Payday loans: State governments try to run payday lenders out of town

Payday loans can wreak havoc on a person's financial life. These loans carry sky-high APRs and the penalties for late or missed payments can be extreme. Many consumers, who turned to payday lenders in a time of need, later find themselves worse off than when they started. In this series, WalletPop takes a look at the payday lending industry and some of its players: those who dole out the loans, the regulators who try to rein them in and the people who desperately take out these loans hoping for a some relief. This is the third installment of our payday lending series. You can read the first part of this series here.

Before payday lenders came onto the scene, pawn shops and mom-and-pop check-cashing services made a tidy little profit off of those who were desperately seeking access to cash. Noticing the high profits and the minimal amount of regulation surrounding these loans, larger, deep-pocketed companies began getting in on the act, gaining a significant amount of momentum in the 1990s. Making matters worse, these lenders were successful in convincing state legislatures to exempt their businesses from usury laws, which set a limit on interest rates. That meant lenders could charge rates that climbed well into the triple-digit percentages.

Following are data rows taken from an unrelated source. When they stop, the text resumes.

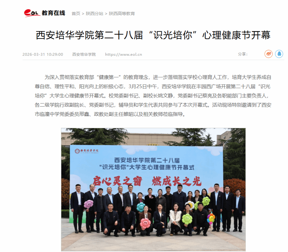 心理健康是大学生成长成才的重要基石。西安培华学院于2024年成功获批陕西省大中小幼一体化心理健康教育工作试点高校,长期以来积极推进大中小学心理健康教育协同共建。
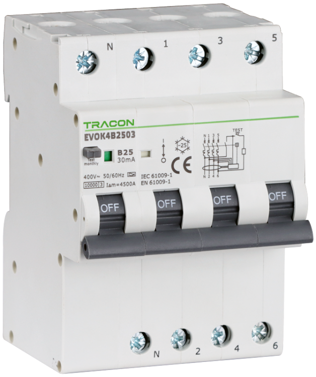 Wyłącznik różnicowo-prądowy zczł. nadprąd., B, 4P, 4-mod. B25A, 30 mA, 10kA, A EVOK4B2503 Tracon Electric
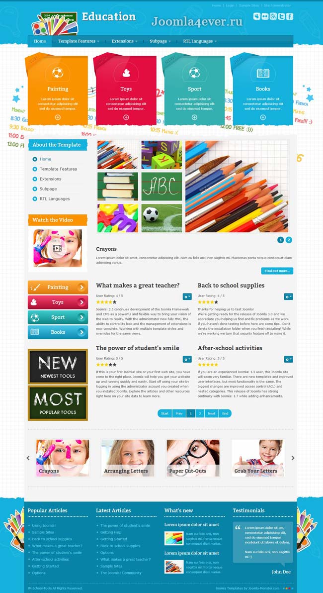 JM School Tools , created by developers from JoomlaMonster, specially created for an online store for children and school supplies. It is based on an adaptive element VirtueMart, which is essential for this category of sites. The bright color schemes and design, full of energy, set him apart from many similar patterns. JM School Tools has excellent typography, which uses a custom HTML-code and CSS3 effects. Thanks to the module DJ-MediaTools, which is part of the template, you can create a colorful picture with different types of paging. All possible features are available for testing in the demo version. This will help you in the shortest possible time to master the template and use it to create a quality website that visitors will be able to remember.
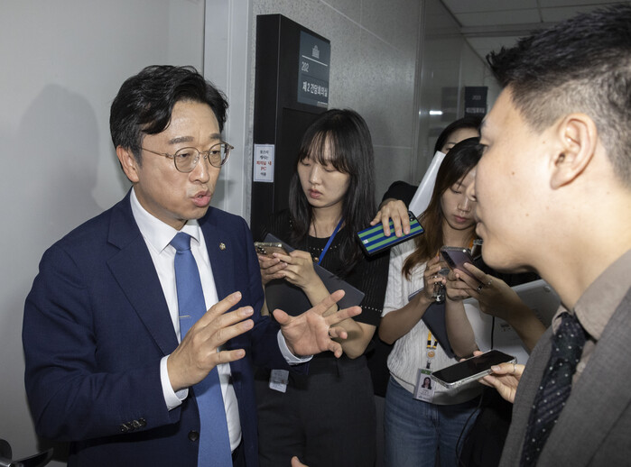 | ▲ 더불어민주당 검찰 개혁 특별위원회 사인 이용우 의원이 26일 국회 의원회관에서 열린 특위 회의 도중 취재진에게 진행 상황에 대해 설명하고 있다. 2025.8.26 (사진=연합뉴스) |
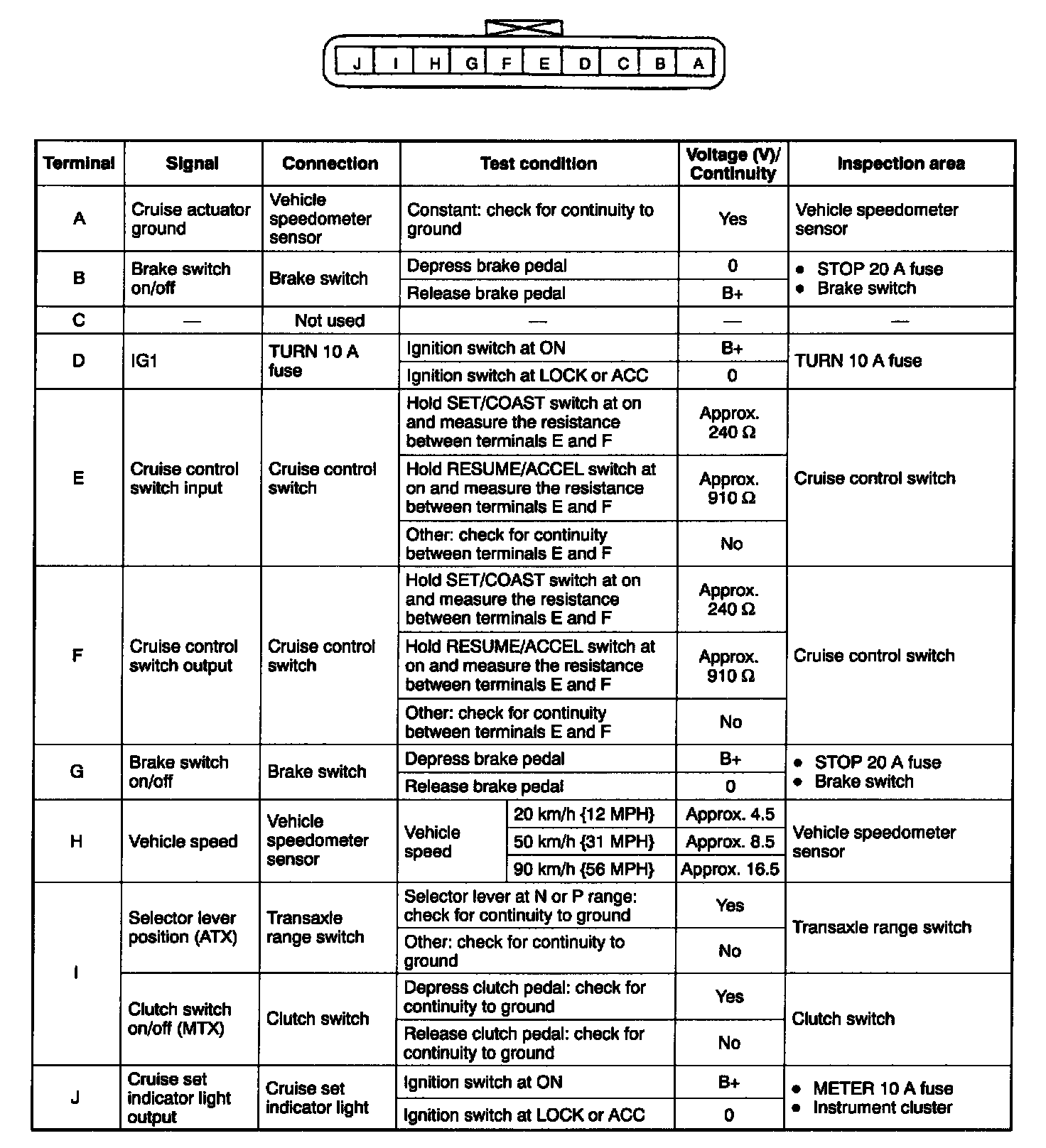 2. Disconnect the cruise actuator connector before checking for continuity at terminal A, E, F and I.
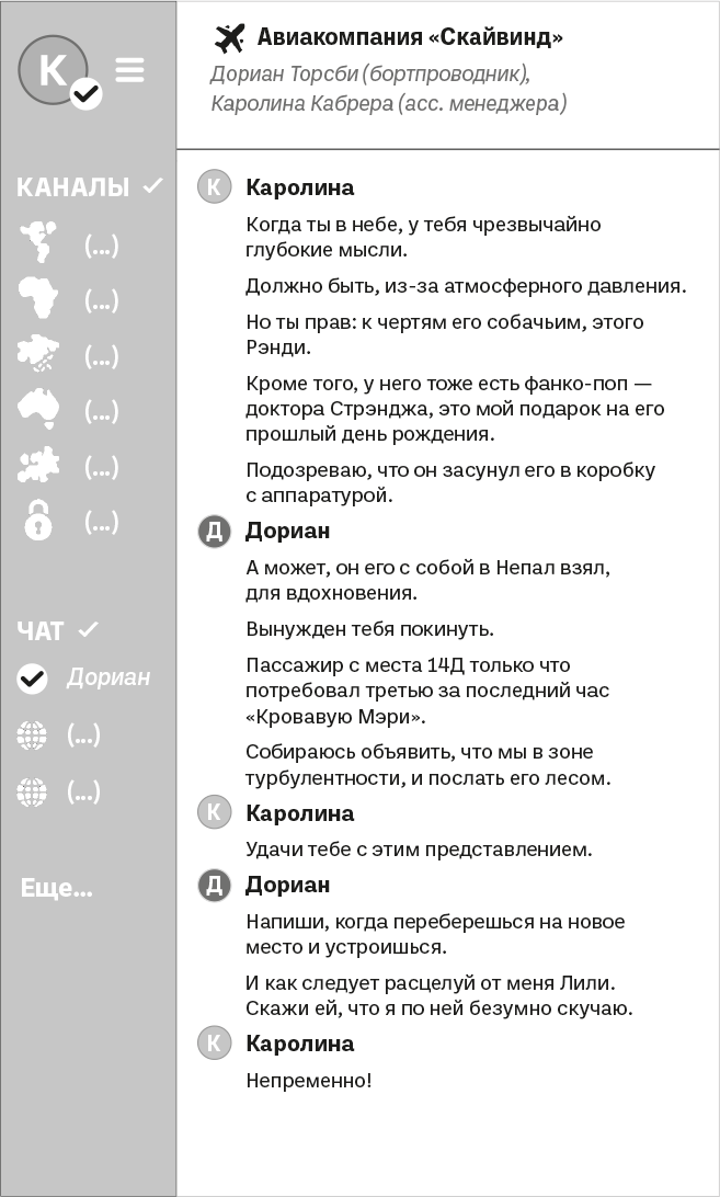 Дориан расхохотался, а за ним Каролина, не в силах сдержаться, прыснула с набитым ртом. Вдвоем они представляли собой любопытное зрелище: два тела, распростертые в креслах для отдыха, окруженные пивными бутылками, шоколадом и фастфудом. Они наблюдали, как за окном садился транспортный самолет. Негромко зазвучала обычная для этой зоны аэропорта мелодия, которую Каролина слушала несколько раз на дню. Прикрыв на секунду глаза, она почувствовала себя как дома.

Despite raking in profits hand over fist, the payday lending industry has hit a significant hurdle in recent years. State governments have begun to strike back. West Virginia ran payday lending out of the state years ago. Pennsylvania essentially killed payday lending with regulations back in 2006 and 2008; New York virtually finished them off in the state in 2003 and 2004 when then-Attorney General Eliot Spitzer kept suing payday lenders into oblivion. North Carolina got rid of payday lending in 2001, and payday lenders largely left Georgia after the government set a maximum APR limit of 60% on loans in 2004. Other states where payday lenders have been almost entirely forced out of town include Connecticut, Maryland, Massachusetts, New Jersey, Vermont and the District of Columbia.

Just last year, Arkansas managed to eradicate payday lending as well. H.C. "Hank" Klein isthe founder of Arkansans Against Abusive Payday Lending in Little Rock and he helped spearhead a campaign to get rid of payday lending in the state. Klein grew to dislike the payday lending industry when he was the chief executive of a credit union.

"A lot of the checks that were bounced were payday loan checks," says Klein. "And I just saw too much of that."

The worst case that he can recall was a customer who worked for the Department of Justice and made about $90,000 a year. Nonetheless, this guy "had a lot of toys," says Klein, like boats and fancy cars, and when the man's son lost his job, he took out a $300 loan at a payday lending store and then gave the money to his son.

That should have been a clue right there: You can "afford" a boat and make $90,000 a year, but you don't have $300 in cash on hand to give your adult son? Klein says that the borrower couldn't pay back the $300 within two weeks, and everything snowballed until he was taking out loans from payday centers to pay back other payday lending centers.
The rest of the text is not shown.